MONTREAL - Telus Corp. (TSX:T) is buying Black's Photo Corp. for $28 million, joining rival Bell Canada (TSX:BCE) in bulking up its retail presence in advance of the arrival of new competitors for wireless customers next year.

Some time before the Christmas holiday shopping season, Black's stores will begin selling Telus wireless products and services at 113 locations across the country, with a particular strength in Ontario.

Although Telus is strong in its base in Western Canada, chief financial officer Robert McFarlane said Tuesday the company needs to increase its distribution in Ontario and the chain of photography stores is a "perfect fit."

"We're No. 3 in share in the Ontario marketplace so this gives us an opportunity to significantly improve our relative position," McFarlane said in an interview.

Telus acquired Black's from ReichmannHauer Capital Partners, which had purchased the chain in October 2007 for an undisclosed price.

The announcement follows a move by Bell Canada to acquire 750 The Source consumer electronic stores in March after U.S. corporate parent Circuit City went bankrupt.

The Source stores will more than double Bell's national retail network to 1,450 outlets.

McFarlane said the acquisition of Black's wasn't in response to Bell's move, but acknowledged it follows a similar strategy.

"Distribution is very important and there's a big battle going on in a competitive market. In our case we really like the fit for Black's because they're relatively small...and the stores are doing well."

McFarlane downplayed the deal being tied to ward off new entrants, saying it will also improve Telus's distribution capabilities against Rogers and Bell.

He wouldn't disclose the exact services that will be offered by Black's stores, or whether they will duplicate those offered by Telus-branded outlets in the same malls.

But he noted there are no plans to close Black's or Telus locations.

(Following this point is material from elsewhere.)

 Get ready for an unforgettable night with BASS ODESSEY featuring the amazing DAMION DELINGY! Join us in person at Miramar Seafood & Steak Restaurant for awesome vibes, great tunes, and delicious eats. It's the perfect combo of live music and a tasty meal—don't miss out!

McFarlane said the cameras and photo processing services sold by Black's are complementary to the types of products and services that Telus has to offer. Cellphones are increasingly being outfitted with more sophisticated cameras.

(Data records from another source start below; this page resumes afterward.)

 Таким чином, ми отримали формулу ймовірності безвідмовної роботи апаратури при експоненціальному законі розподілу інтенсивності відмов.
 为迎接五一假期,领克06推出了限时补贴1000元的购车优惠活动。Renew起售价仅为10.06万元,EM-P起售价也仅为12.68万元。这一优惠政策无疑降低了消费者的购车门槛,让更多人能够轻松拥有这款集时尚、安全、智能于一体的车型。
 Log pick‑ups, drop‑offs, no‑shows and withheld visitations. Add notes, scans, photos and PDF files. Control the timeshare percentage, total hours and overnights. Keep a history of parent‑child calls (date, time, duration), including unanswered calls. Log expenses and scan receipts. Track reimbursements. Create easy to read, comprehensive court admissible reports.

While refusing to discuss much about the process that led to the deal, he said the previous owners believed it was inevitable that wireless products would be introduced into Black's and it wasn't something they had expertise in.

Telecom analyst Carmi Levy of AR Communications said the retail forays by Canada's largest wireless providers are part of the jockeying for position before new entrants arrive on the scene.

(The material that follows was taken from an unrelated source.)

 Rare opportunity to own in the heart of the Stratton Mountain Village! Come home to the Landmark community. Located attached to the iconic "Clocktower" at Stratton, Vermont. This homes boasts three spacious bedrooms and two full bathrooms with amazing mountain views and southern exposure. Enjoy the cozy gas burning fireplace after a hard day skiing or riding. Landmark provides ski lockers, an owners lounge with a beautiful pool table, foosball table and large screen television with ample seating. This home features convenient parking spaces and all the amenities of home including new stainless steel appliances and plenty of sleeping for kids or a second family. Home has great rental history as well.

"New players are coming in, so the strategy seems to be saturate the market with physical presence and don't give the newcomers an opportunity to get a physical visibility in the eyes of Canadians," Levy said in an interview.

Ontario is the battleground for incumbents and newcomers alike.

Levy said he wouldn't be surprised if Rogers didn't make a retail play of its own to maintain its leading position in the key Canadian market.

"This is the middle chapter of a fairly long book so I expect more to come."

Iain Grant of the Seaboard Group said the deal is good for Telus but what remains to be seen is the response from Rogers to its rivals moves.

"They're the ones who really have to come up with a strategic game plan to answer the two challenges," he said.

While Bell's purchase of The Source will help it to sell its range of products in the stores, Grant said he believes Telus was "far more focused on looking over their shoulder at the new entrants and knowing that they had to do something to buttress their central Canadian presence."



Telus is Canada's second-largest telecommunications service provider after Bell. It has more than 4,000 locations where it's products are sold, including some 1,000 corporate owned stores, dealers and third-party retailers.

Telus shares closed at $34.90, up 47 cents in trading on the Toronto Stock Exchange.